INFORMATION PROVIDED: Begin
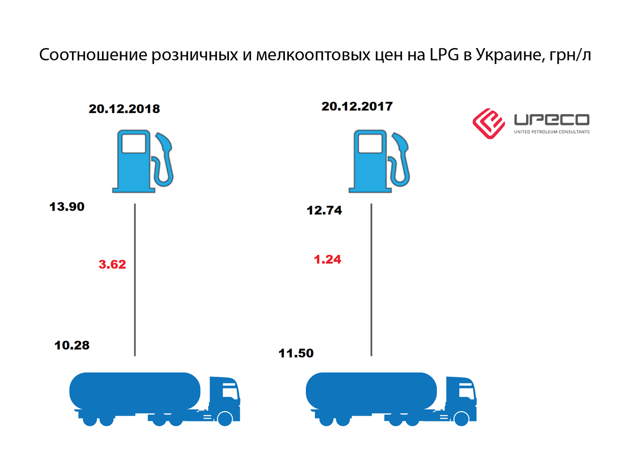 20 декабря средняя розничная цена на сжиженный газ в Украине составила 13,90 грн/т. Таким образом, разница между оптом и ценами на заправках достигла 3,62 грн/л или 35,2%. По состоянию на 20 декабря 2017 года разница между оптовыми и розничными ценами достигала 1,24 грн/л. При этом участники рынка отмечают, что импортный ресурс в начале декабря растомаживался по цене около 9,30-9,50 грн/л.
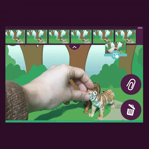 Mix physical and digital backgrounds and shapes in the Piximakey app, without technical hassle or other software. You can add greenscreen to your stop motion film at the push of a button - and you choose whether it is green or another color to be replaced by a digital background or a photo from your camera roll.
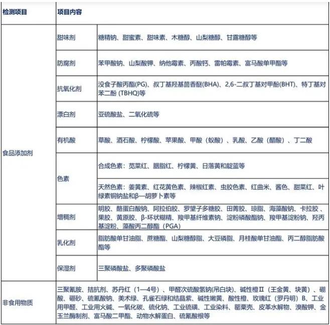 2.食品添加劑和非食品物質檢測項目
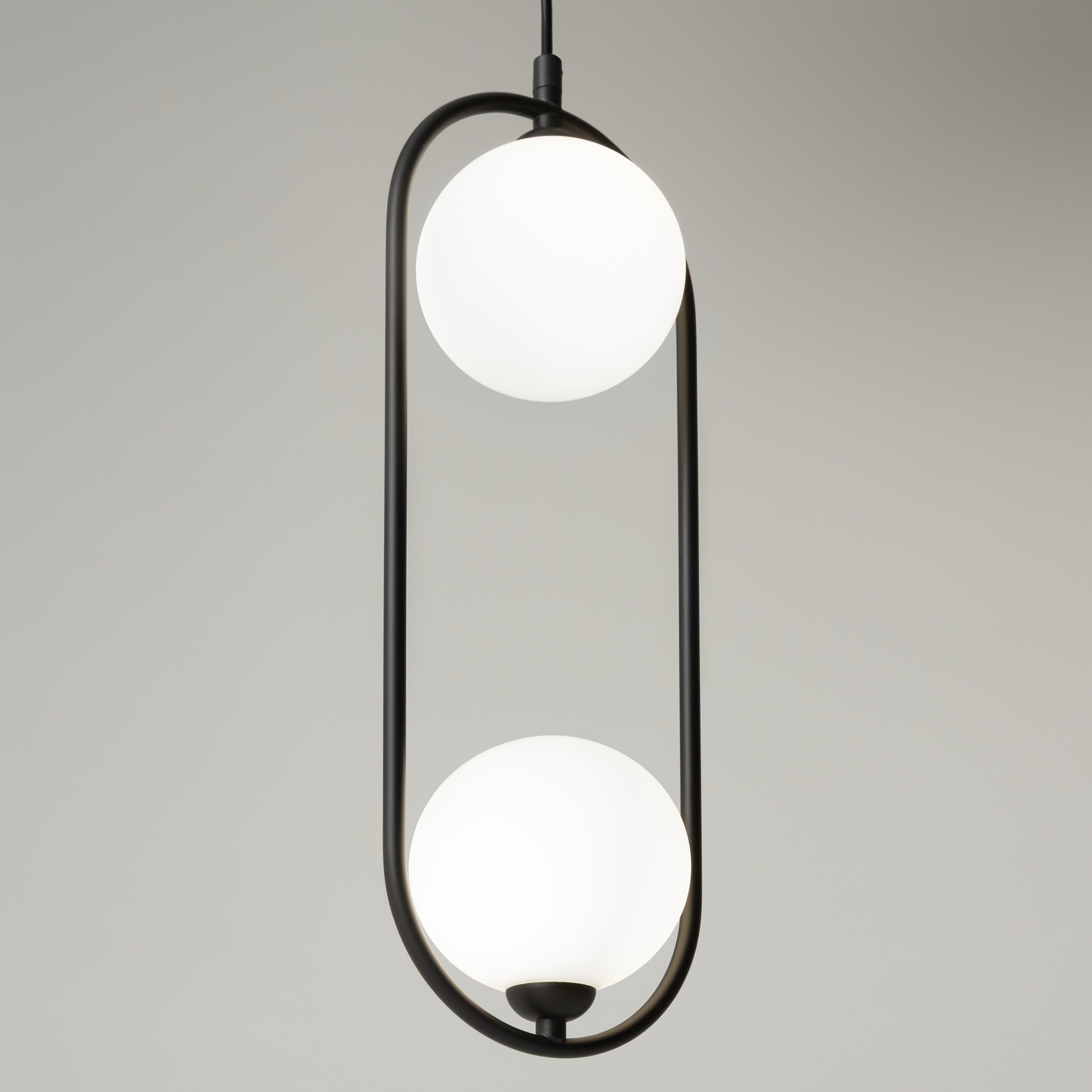 Арматура из металла в трех оттенках: белый, черный, латунь. Плафоны-сферы закреплены на округлом металлическом каркасе. Материал плафонов — выдувное стекло, цвет — белый. Высота подвесных моделей регулируется.
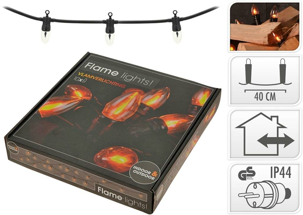 De lampjes geven een warm, sfeervol licht dat perfect past bij de gezelligheid van de wintermaanden. Deze vlam verlichting is veelzijdig en praktisch in gebruik. De set bestaat uit 10 gloeilampjes met een natuurlijk flikkerend effect, verdeeld over een snoer van 3,6 meter. Met een ruimte van 10 cm tussen de lampjes creëer je een gelijkmatige verdeling van het warme licht. De set wordt geleverd met een 1,5 meter lang aansluitsnoer, waardoor je flexibel bent in het plaatsen van de verlichting. Andere kenmerken zijn:
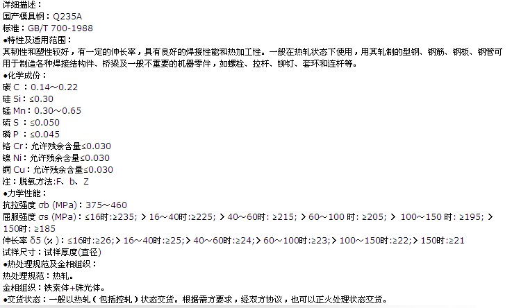 蘇州浩凱Q235A模具鋼物流配送運輸?shù)貐^(qū):北京,上海,重慶,天津,江蘇南京_徐州_蘇州_無錫_昆山_揚州,太倉_吳江_連云港_泰州_鹽城_鎮(zhèn)江_南通_常熟_常州_張家港,浙江溫州,杭州,寧波寧海_余姚_臺州黃巖_金華_紹興_嘉興,福建福州_廈門,廣西南寧_柳州,安徽合肥_安慶_蚌埠_巢湖_淮安_蕪湖_淮南_黃山_滁州_宣城,山東濟南_青島_日照_濱州_煙臺_威海_濟寧_聊城_臨沂_淄博,湖南長沙,重慶,河北石家莊,河南鄭州_洛陽_開封,湖北武漢,江西南昌,陜西西安,山西太原及云南昆明。歡迎各地模具廠商來電垂詢Q235A模具鋼價格和Q235A模具鋼熱處理機加工事宜。目前我司Q235A模具鋼現(xiàn)貨庫存表統(tǒng)計數(shù)量為09噸。
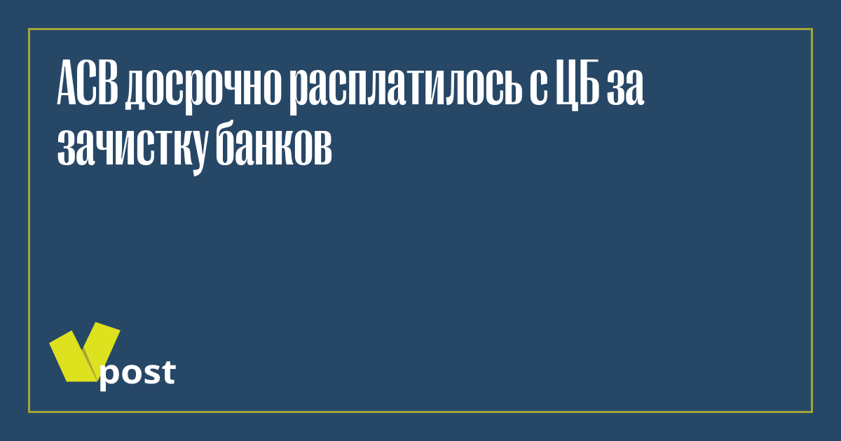 Агентство по страхованию вкладов (АСВ) досрочно расплатилось с Центробанком по кредиту, полученному в 2015 году на выплаты вкладчикам во время зачистки банковской системы.
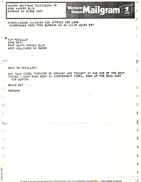 Tim Burton, fax adressé à Kim McKillip, circa 1989
INFORMATION PROVIDED: End
PROMPT: Within the listing above, find the line containing "Mix physical and" and the line containing "2.食品添加劑和非食品物質檢測項目". Transcribe them and everything between them exactly, leaving out the pictures.

SOLUTION FOR THIS EXERCISE:
 Mix physical and digital backgrounds and shapes in the Piximakey app, without technical hassle or other software. You can add greenscreen to your stop motion film at the push of a button - and you choose whether it is green or another color to be replaced by a digital background or a photo from your camera roll.
 2.食品添加劑和非食品物質檢測項目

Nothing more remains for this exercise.